The test system used in this review is equipped with an AMD Ryzen 7 3700x CPU, MSI B550 GAMING PLUS motherboard, 16GB (8GB x 2) of Crucial Ballistix 3200 MHz DDR4 memory, Crucial P5 1TB SSD and a GIGABYTE GeForce GTX 1060 WINDFORCE OC 6G graphics card. For the operating system, I used the latest version of Windows 10 Pro.
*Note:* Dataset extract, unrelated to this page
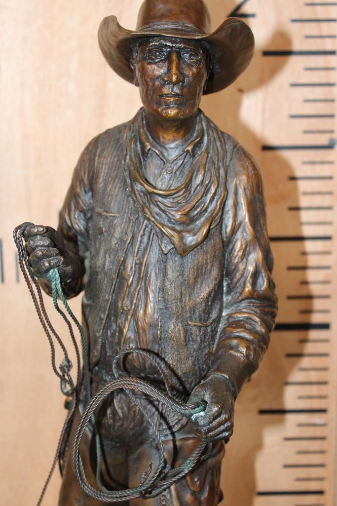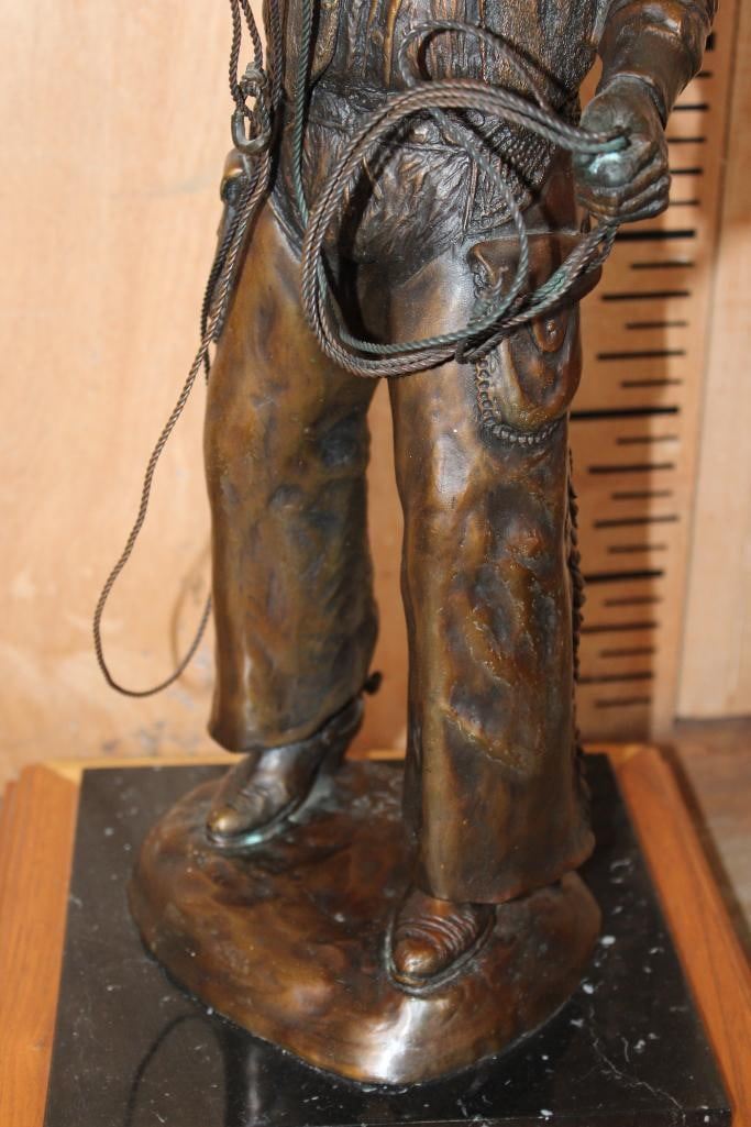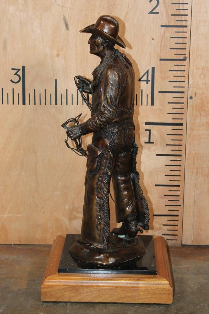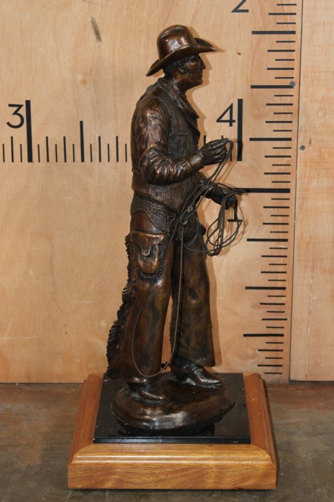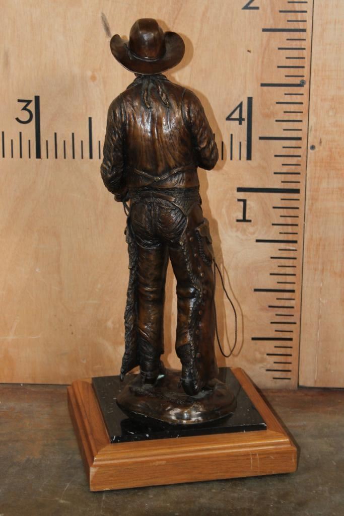 Big Original "Catchin' A Ride" 1993 Bronze SCULPTURE by Houston Clay Dahlberg (1946-2021). This Sculpture is Signed and Numbered Limited Edition #15/35 and is mounted on a Marble and Wood Base. It measures 22.5" Tall x 10.5" Wide x 10.5" Depth and Weighs 31 lbs. Texas artist H. Clay Dahlberg was commissioned for many sculptures including: A life-sized portrait bust for the Courthouse Square in Georgetown, TX, a 7' Tall sculpture entitled "Rough Men and Tough Times, Y.O. Ranch Hotel Kerrville, TX, a life-sized standing figure portrait of Col. E.S.C. Robertson in Salado, TX, a life size portrait bust of Homer Bryce at Stephen F. Austin University in Nacogdoches, TX. The story of Clay's life and artwork is found in Memories of Horses and Wars, The Sculpture of Clay Dahlberg written by Don Hedgpeth. COLLECTIBLE BRONZE ART

To test the performance of Samsung's 980 SSD, I ran a series of benchmarks using CrystalDiskMark, HD Tach RW, ATTO Disk Benchmark, AS SSD, HD Tune Pro, Anvil's Storage Utilities, Iometer and PCMark. For comparison, I've also included test results from the Silicon Power UD70, Crucial P2, SK hynix Gold P31, Crucial P5, ADATA SWORDFISH, ADATA FALCON, Lexar NM610, Silicon Power P34A60, Patriot P300, Plextor M9PG Plus, Plextor M9PY Plus, ADATA XPG SX6000 Pro, Western Digital WD_BLACK SN750, Samsung 970 EVO Plus, ADATA XPG SX8200 Pro, Crucial P1, ADATA XPG SX8200, Western Digital WD_BLACK NVMe, Samsung 970 EVO, Samsung 970 PRO, Plextor M9Pe, Plextor M8Se, Patriot Hellfire, ADATA XPG SX8000, Samsung 960 PRO, Toshiba OCZ RD400, Samsung 950 PRO, Samsung 870 EVO, Samsung 870 QVO, Silicon Power PC60, SK hynix Gold S31, ADATA Ultimate SU750, Samsung 860 QVO, Samsung 860 PRO and Crucial MX500.

As I mentioned earlier, the 980 uses Samsung's Pablo controller chip. Looking at the screenshot above, you can see that it performs equally well with both incompressible (0%) and compressible (100%) data.

CrystalDiskMark 7.0.0:

First, I ran a few quick tests using CrystalDiskMark. This benchmark measures the performance of a storage device by testing its sequential and random read and write speeds. For this test, we're using the peak and real world profiles.

According to Samsung, the 1TB version of the 980 is capable of reading at 3,500 MB/s and writing at 3,000 MB/s. While the drive had no problems reaching its rated read speed, it came up a bit short in CrystalDiskMark's sequential write speed test.

As you'd expect, the 980 wasn't nearly as fast when tested with the "real world" profile which uses a single thread and a much lower queue depth.  Nevertheless, it was still able to read at 2,324 MB/s and write at more than 2,652 MB/s.

HD Tach RW 3.0.4.0:

Next, I used HD Tach to test the 980's read, write and burst speeds as well as its random access time and CPU usage.

Looking at the screenshot above, you can see that the 980 had average read and write speeds of 1700.5 MB/s and 710.4 MB/s respectively, as well as a burst speed of 1413.9 MB/s. The screenshot also shows the transition from TurboWrite to what Samsung calls "After TurboWrite" speeds. The 980 starts writing at about 1600 MB/s and then drops to about 500 MB/s when the consecutive write operation exceeds the size of the SLC buffer.

ATTO Disk Benchmark 4.01:

I also used ATTO Disk Benchmark to test the 980's sequential read and write speeds. The tests are run using blocks ranging in size from 512B to 64 MB and the total length set to 256MB.

When tested with ATTO, the 980's read speeds topped out at about 3.31 GB/s and its write speeds at 2.62 GB/s.